15. We come next to the abuse of process argument, and whether the judge should have stayed the indictment on the basis that the defendant could not have a fair trial.

16. Again, there was no dispute as to the basic legal principles. I take the five points listed in the appellant's skeleton argument:

"- Delay can be a ground for staying an indictment (Att-Gen's Reference (No 1 of 1990) [1992] QB. 630, 95 Cr App R, 296, CA)

- the imposition of a permanent stay will be the exception rather than the rule (ibid Cr App R 303)

- the imposition of a stay will be rarer still in the absence of any fault on the part of the complainant or prosecution (ibid pg 303)

- no stay should be imposed unless the Defendant can show on the balance of probabilities that, owing to the delay, he will suffer serious prejudice. (ibid pg 303)

- the court must consider its powers to regulate the trial, the proper comment which can be made on the effect of the delay and directions which can be given (ibid pg 303)"

17. Sexual cases where the complaint is made years after the events in question are at best difficult and worrying cases, particularly where it can be shown that the defence has been so prejudiced by the delay that it raises a real doubt as to whether a fair trial of the defendant is now possible.

18. These cases are by their nature fact-sensitive, and it is inevitable that the trial judge will have a more complete view of the facts than the appellate court. Some of these cases will turn on the case-management efforts made by the trial judge to ensure that a fair trial is possible. Given the nature of Derwent House, the social services files on these three complainants (at a difficult time in their lives) were extensive - albeit that these files were not complete, and indeed the day by day log books and staff registers of Derwent House were missing. Though the records showed significant gaps, there was no suggestion that there had been any culpable destruction of records. It seems to have been more a combination of routine destruction, a haphazard archiving policy, the erosion of time and other matters. The Crown summed up the position in their skeleton argument:

"(c) Although it is accepted that records had been lost, there was a wealth of important documentation which had been preserved and which was disclosed. The Crown deliberately declined to object to the admissibility of documents made by witnesses who were either untraced, unavailable or dead. The Defence were able to put, without challenge, the comments and conclusions (often unpleasant and damning) of professionals who had compiled reports and memoranda at or around the time when the complainants were children in care. Although individual day's records were largely lost, a picture was put before the jury in respect of each complainant of the views of the professionals dealing with them at the time. Although not exhaustive, it was substantial.

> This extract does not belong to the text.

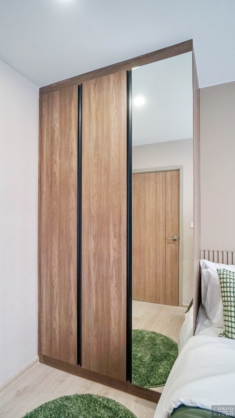 พื้นด้านล่างมีที่เหลือกว้างให้ยืนแต่งตัว เลือกหยิบเสื้อผ้าในตู้ หรือเดินเข้า-ออกได้อย่างสบาย ๆ โดยตำแหน่งของตู้เสื้อผ้าจะอยู่ติดกับทางเข้าห้องน้ำพอดี จึงสามารถใช้งานต่อเนื่องกันได้อย่างสะดวก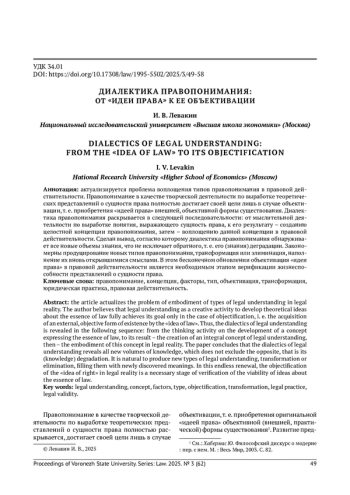 Актуализируется проблема воплощения типов правопонимания в правовой действительности. Правопонимание в качестве творческой деятельности по выработке теоретических представлений о сущности права полностью достигает своей цели лишь в случае объективации, т. е. приобретения «идеей права» внешней, объективной формы существования. Диалектика правопонимания раскрывается в следующей последовательности: от мыслительной деятельности по выработке понятия, выражающего сущность права, к его результату - созданию целостной концепции правопонимания, затем - воплощению данной концепции в правовой действительности. Сделан вывод, согласно которому диалектика правопонимания обнаруживает все новые объемы знания, что не исключает обратного, т. е. его (знания) деградации. Закономерны продуцирование новых типов правопонимания, трансформация или элиминация, наполнение их вновь открывшимися смыслами. В этом бесконечном обновлении объективация «идеи права» в правовой действительности является необходимым этапом верификации жизнеспособности представлений о сущности права.

(d) By this method, each complainant had placed before the jury as full a picture of their character and personality as children as one could have hoped for in a case of such age. To this extent, the absence of particular witnesses to events at the time was substantially counterbalanced. It was not contended that the acts of abuse took place in front of eyewitnesses (save for potential co-defendants). The light that such witnesses could shed on the specific allegations would therefore be limited."

That sensible and imaginative procedure introduced by the Crown and honoured by the judge will have gone a long way to reduce the inevitable difficulty in trying old cases. And, for reasons already made clear, this was a more fully documented case than most.

19. In relation to each set of counts, the appellant can identify how complete records might have helped, and can identify witnesses that cannot be traced. But all in all, the judge was entitled to conclude that a fair trial was possible, given his relaxed ruling in relation to the admissibility of the documents and reports in this case. The judge was right to let the trial proceed and accordingly this appeal must be dismissed.